Die von den Antragsgegnern (Wohnungseigentumsbewerbern) vorgetragene Auffassung, daß der Gesetzgeber geschlossene Garagenräume als selbständige Objekte gemäß § 1 Abs. 1 WEG 1975 nur in sogenannten Parkhäusern dulden wollte, findet im Gesetz keine Deckung, weil hier neben den deutlich abgegrenzten Abstellflächen (Abstellplätzen) für Kraftfahrzeuge in einer Baulichkeit, die ausschließlich zum Abstellen von Kraftfahrzeugen gewidmet und auf einer überwiegend nur diesem Zweck dienenden Liegenschaft errichtet ist (so insbesondere Parkhäuser), auch selbständige in sich geschlossene Räume zur Einstellung von Kraftfahrzeugen angeführt werden (Faistenberger - Barta - Call a.a.O. 48 f.). Entgegen der Auffassung der Rekurswerber bezieht sich der Begriff der Baulichkeit in der genannten Gesetzesstelle nicht auch auf die in sich geschlossenen Räume. Dies erhellt schon hinlänglich aus dem Gesetzeswortlaut und wird auch in den Erläuternden Bemerkungen in diesem Sinn dargetan.
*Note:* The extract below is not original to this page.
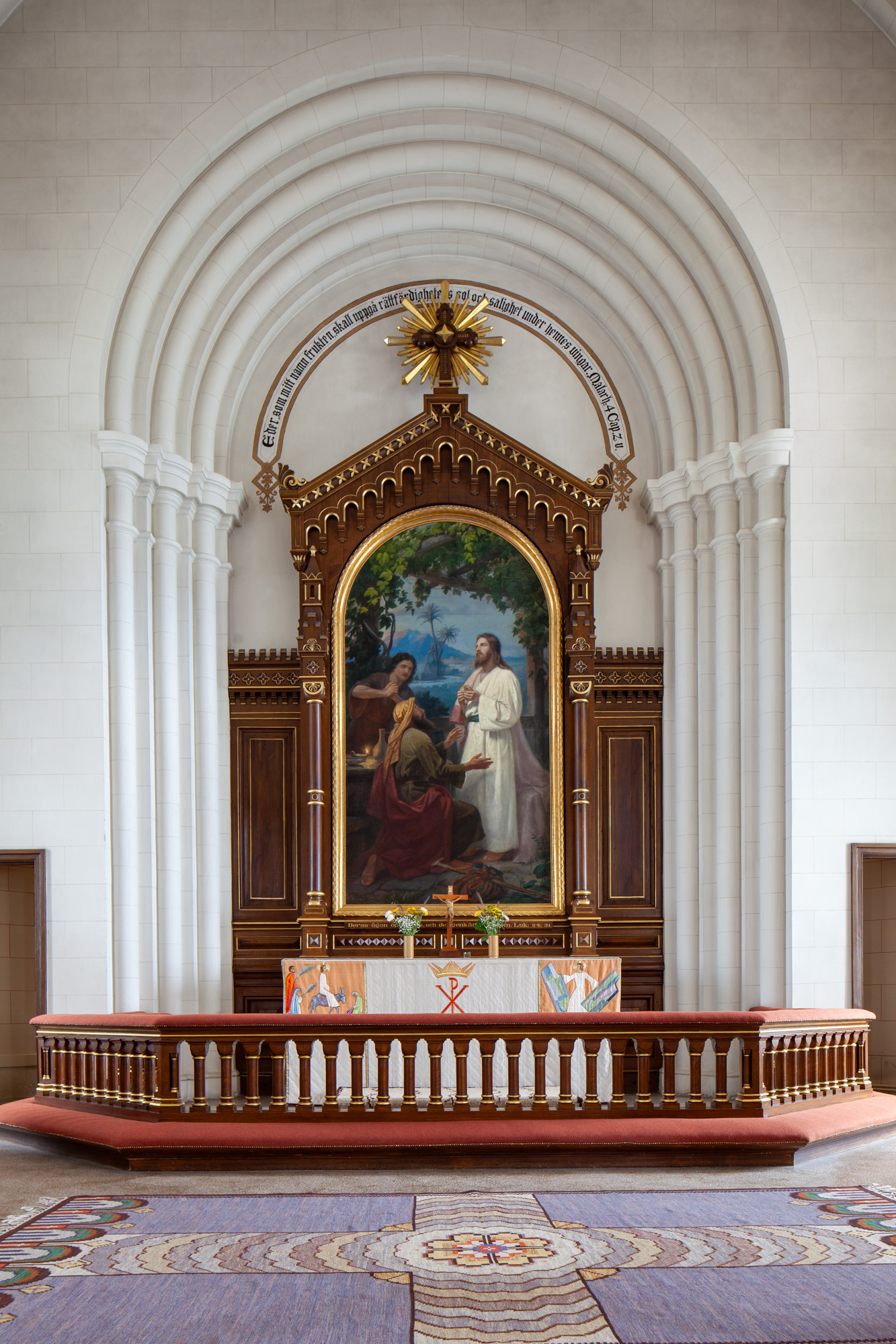 Kristusfigurens hoved er drejet til højre. Tornekronen er snoet. Armene er udstrakte diagonalt og hænder halvt lukkede med bøjede fingre. Sidesåret er diagonalt og placeret lavt. Lændeklædet er kort med en lang fold i højre side, der går bagom kroppen. Fødderne pger nedad med højre fod over venstre.

Demnach kann Wohnungseigentum an einem selbständigen in sich geschlossenen Raum zur Einstellung von Kraftfahrzeugen, aber auch in besonderen (Keller-)Parkgaragen, begrundet werden, wobei in diesen Fällen der Nutzwert auch dann festgesetzt und im Gesamtnutzwert gesondert ausgewiesen werden muß, wenn es ungewiß ist, ob hieran Wohnungseigentum begrundet wird (Meinhart, Wohnungseigentumsgesetz 1975, 55, 56, 59).